11.6 - Further Examples

Example 11-7: Male Foot Length and Height Data Section

First let us consider a dataset where y = foot length (cm) and x = height (in) for n = 33 male students in a statistics class (Height Foot data set).

scatterplot of foot vs height

There is a clear outlier with values (\(x_i\) , \(y_i\)) = (84, 27). If that data point is deleted from the dataset, the estimated equation, using the other 32 data points, is \(\hat{y}_i = 0.253 + 0.384x_i\). For the deleted observation, \(x_i\) = 84, so

\(\hat{y}_{i(i)}= 0.253 + 0.384(84) = 32.5093\)

The (unstandardized) deleted residual is

\(d_i=y_i-\hat{y}_{i(i)}= 27 − 32.5093 = −5.5093\)

The usual sample residual will be smaller in absolute size because the outlier will pull the line toward itself. With all data points used, \(\hat{y}_i = 10.936+0.2344x_i\). At \(x_i\) = 84, \(\hat{y}_i = 30.5447\) and \(e_i\) = 27 − 30.5447 = −3.5447.

The difference between the two predicted values computed for the outlier is:

unstandardized \(DFFITS = \hat{y}_i -\hat{y}_{i(i)}= 30.5447 − 32.5093 = −1.9646\).

A dotplot of Cook’s \(D_i\) values for the male foot length and height data is below:

Dotplot of Cook's D values

Note the outlier from earlier is the large value way to the right.The one large value of Cook’s \(D_i\) is for the point that is the outlier in the original data set. The interpretation is that the inclusion (or deletion) of this point will have a large influence on the overall results (which we saw from the calculations earlier).

From the analysis we did on the residuals, one may justify deleting the data point (\(x_i\) , \(y_i\)) = (84, 27) from the dataset. If you choose to take such a measure in practice, you need to always justify with some sort of residual analysis why you are deleting a data point.

Example 11-8: Hospital Infection Data Section

Hospital bed

Below is a scatterplot for the Hospital Infection risk data .

For this dataset, y = infection risk and x = average length of patient stay for n = 112 hospitals in the United States. A regression line is superimposed. Notice that there are two hospitals with extremely large values for length of stay and that the infection risks for those two hospitals are not correspondingly large. This causes the sample regression line to tilt toward the outliers and apparently not have the correct slope for the bulk of the data.
Below is the “Unusual Observations” display that Minitab gave for this regression.

Fits and Diagnostics for Unusual Observations
Obs InfectRsk Fit SE Fit 95% CI Resid Std Resid Del Resid DFITS    
2 1.600 4.045 0.117 (3.812, 4.277) -2.445 -2.15 -2.19 -0.225615 R  
40 1.300 3.802 0.137 (3.532, 4.073) -2.502 -2.21 -2.25 -0.270620 R  
47 6.500 7.988 0.585 (6.828, 9.148) -1.488 -1.52 -1.53 -0.909869   X
53 7.600 4.996 0.150 (4.699, 5.293) 2.604 2.30 2.35 0.310508 R  
54 7.800 5.238 0.179 (4.884, 5.592) 2.562 2.27 2.31 0.366190 R  
93 1.300 4.082 0.115 (3.853, 4.310) -2.782 -2.55 -2.50 -0.253571 R  
111 5.900 7.393 0.494 (6.415, 8.372) -1.493 -1.45 -1.46 -0.697504   X

Click the Results tab in the regression dialog and change “Basic tables” to “Expanded tables” to obtain the additional columns in this table."

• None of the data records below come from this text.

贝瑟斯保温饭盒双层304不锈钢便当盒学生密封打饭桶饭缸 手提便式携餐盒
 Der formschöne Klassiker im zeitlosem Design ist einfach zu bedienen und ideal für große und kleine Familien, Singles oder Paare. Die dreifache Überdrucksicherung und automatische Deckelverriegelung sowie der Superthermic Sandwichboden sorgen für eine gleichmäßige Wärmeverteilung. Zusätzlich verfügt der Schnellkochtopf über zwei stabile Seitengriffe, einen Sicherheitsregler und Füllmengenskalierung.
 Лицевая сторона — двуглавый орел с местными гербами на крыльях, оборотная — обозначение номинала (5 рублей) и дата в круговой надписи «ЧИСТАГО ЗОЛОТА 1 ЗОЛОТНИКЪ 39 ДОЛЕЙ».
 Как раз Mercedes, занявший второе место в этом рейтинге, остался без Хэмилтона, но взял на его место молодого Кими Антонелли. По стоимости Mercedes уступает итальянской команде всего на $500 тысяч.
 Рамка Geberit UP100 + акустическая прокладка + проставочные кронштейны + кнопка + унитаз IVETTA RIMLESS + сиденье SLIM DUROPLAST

Notice that two observations in this display are marked with an 'X'. These are the hospitals with the long average length of stay. Notice also that these two points do not have particularly large studentized residuals (which Minitab calls standardized residuals). This is because the line was "pulled" toward the observed y-values and so the studentized residuals are not overly large. Also, these two points do not have particularly large studentized deleted residuals ("Del Resid"). This is because deleted residuals only adjust for one observation being omitted from the model at a time. In this case, if Obs 47 is omitted, Obs 111 remains to "pull" the regression line towards its observed y-value. Similarly, if Obs 111 is omitted, Obs 47 remains to "pull" the regression line towards its observed y-value. Thus, the deleted residuals are unable to flag that these two observations are probably outliers.

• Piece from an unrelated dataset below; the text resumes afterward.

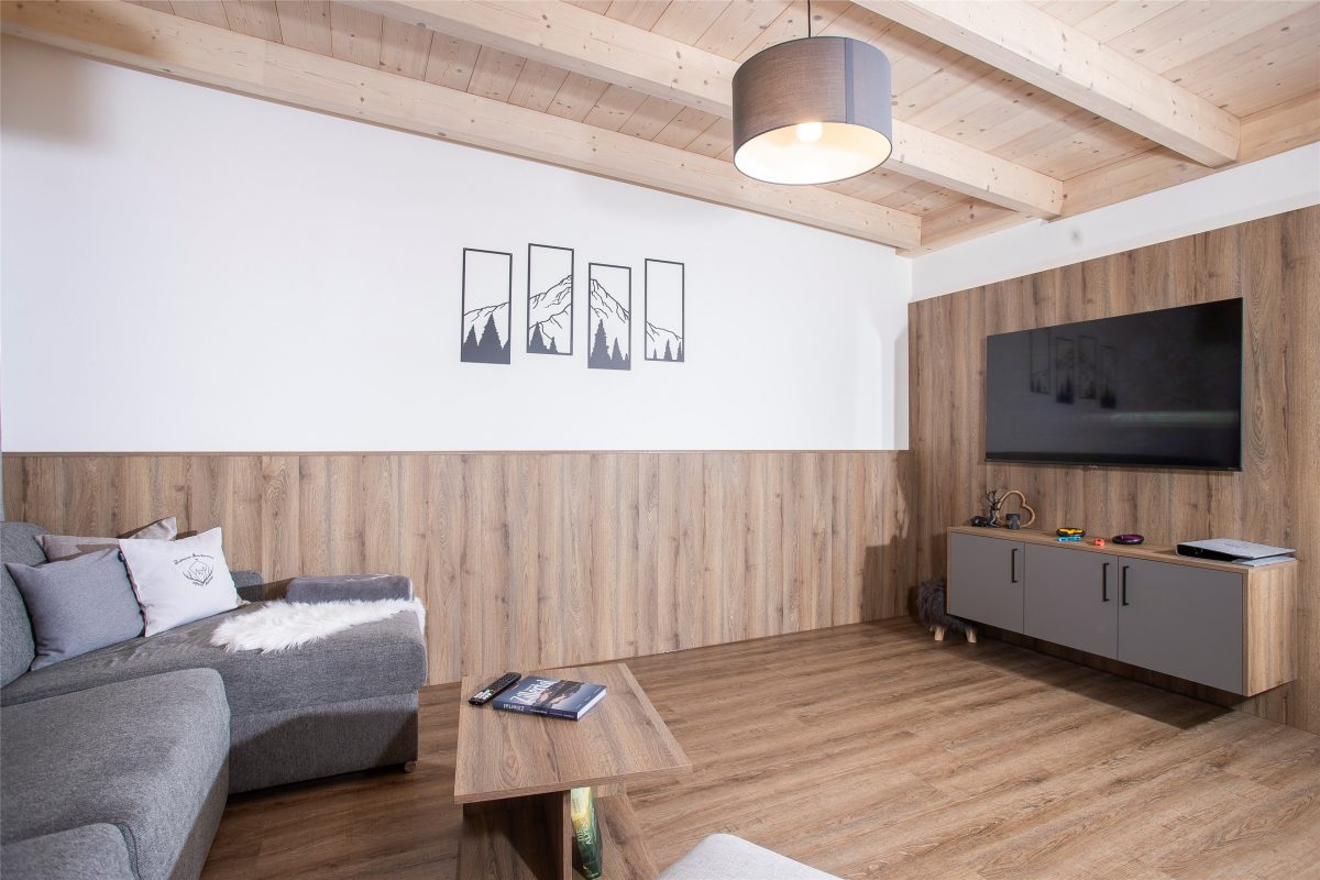 Im Wohnzimmer befinden sich eine gemütliche Couch mit Dauerschlaffunktion und ein Flatscreen.

There are five observations marked with an 'R' for "large (studentized) residual." This is about the right number for a sample of n = 112 (5% of 112 comes to 5.6 observations) and none of these studentized residuals are overly large (say, greater than 3 in absolute value). Thus, the two data points to the far right are probably the only ones we need to worry about.

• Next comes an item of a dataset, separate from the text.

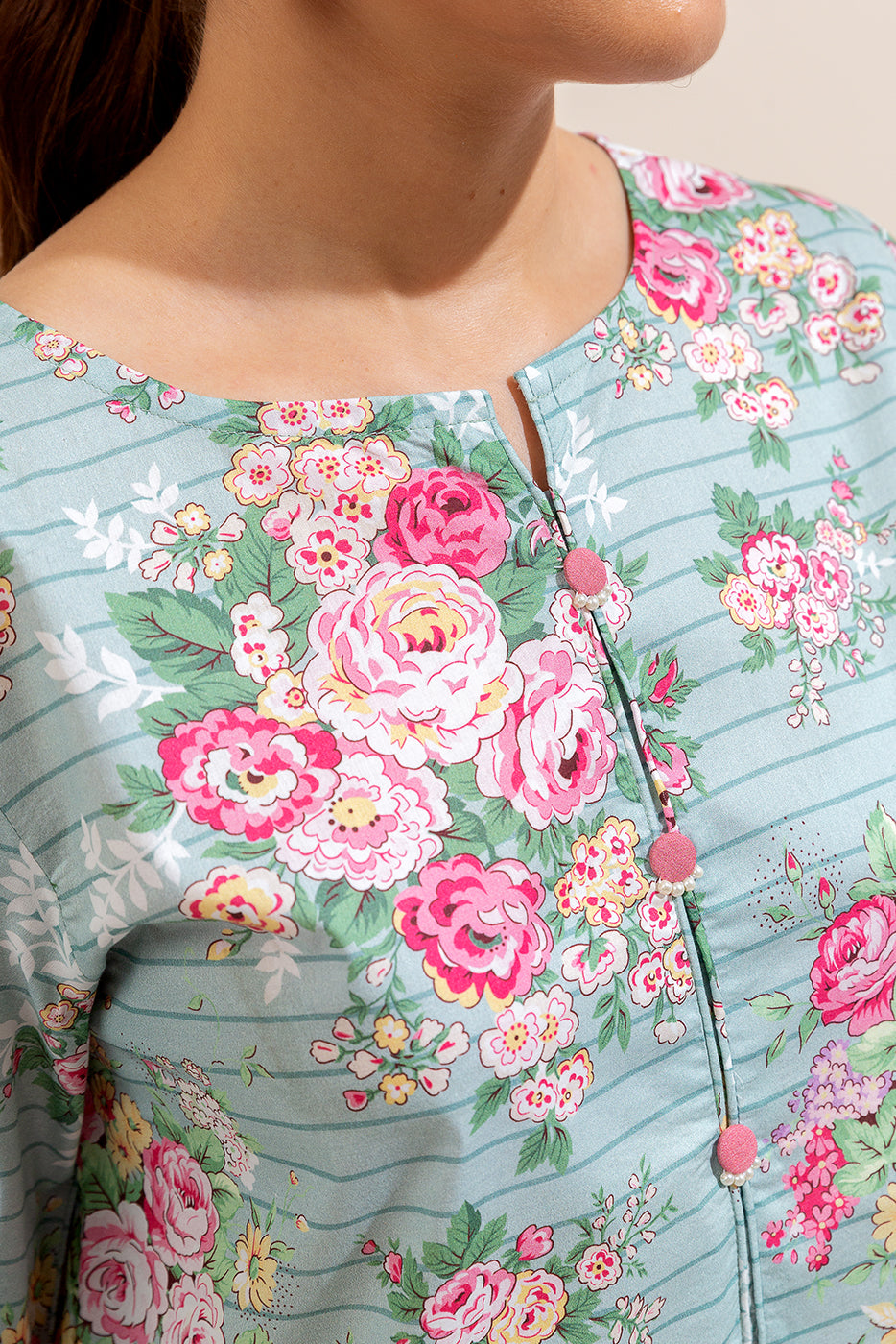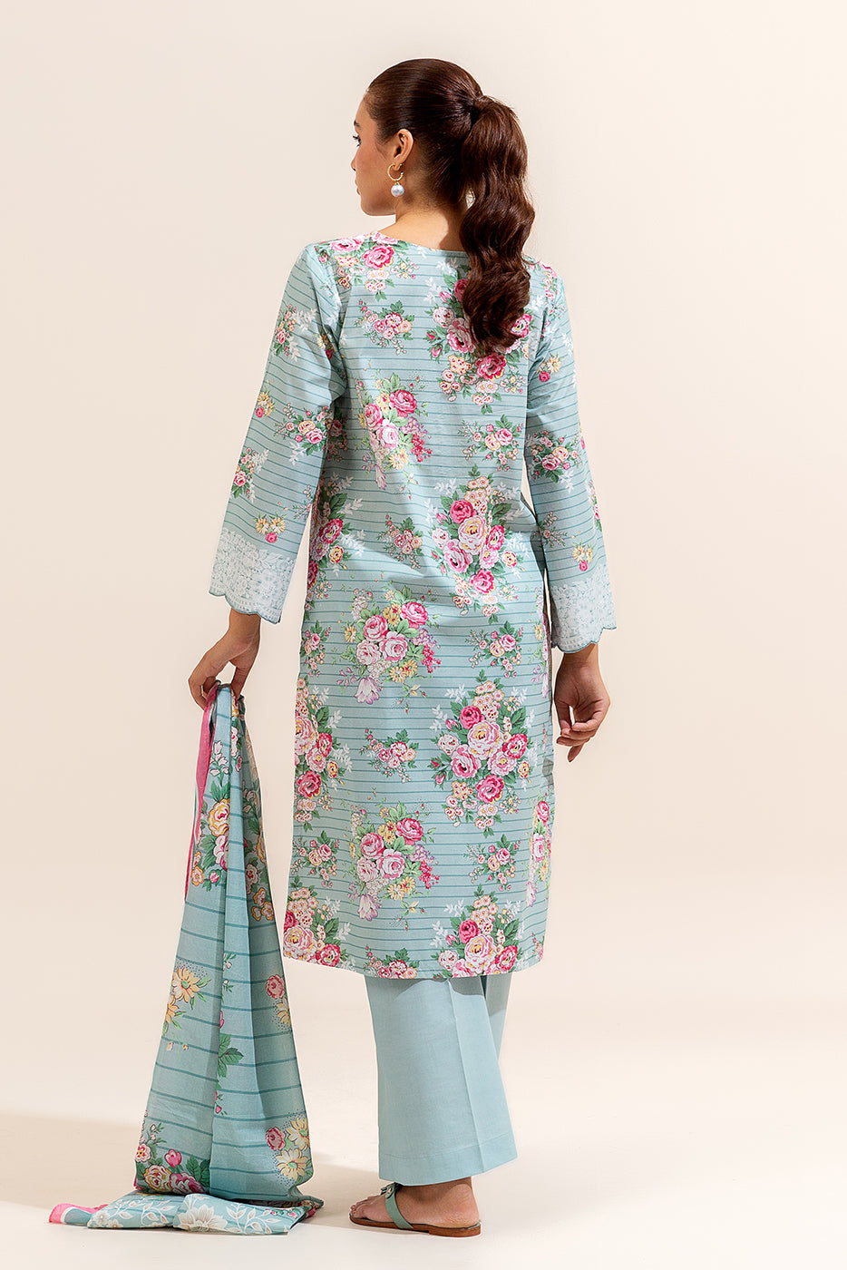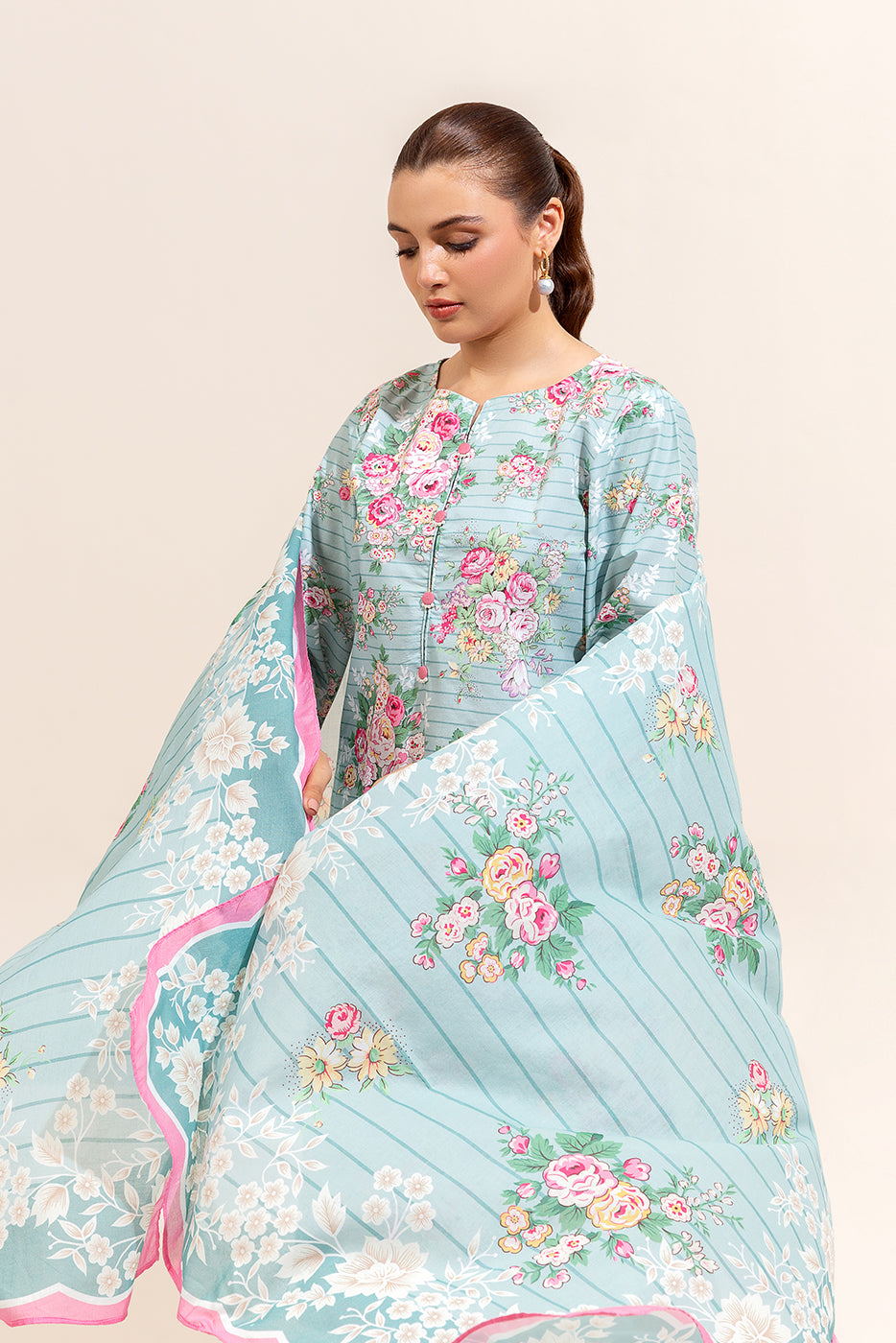 3 PIECE PRINTED LAWN SUIT-CYAN FLORA (UNSTITCHED)

The question here would be whether we should delete the two hospitals to the far right and continue to use a linear model or whether we should retain the hospitals and use a curved model. The justification for deletion might be that we could limit our analysis to hospitals for which length of stay is less than 14 days, so we have a well defined criterion for the dataset that we use.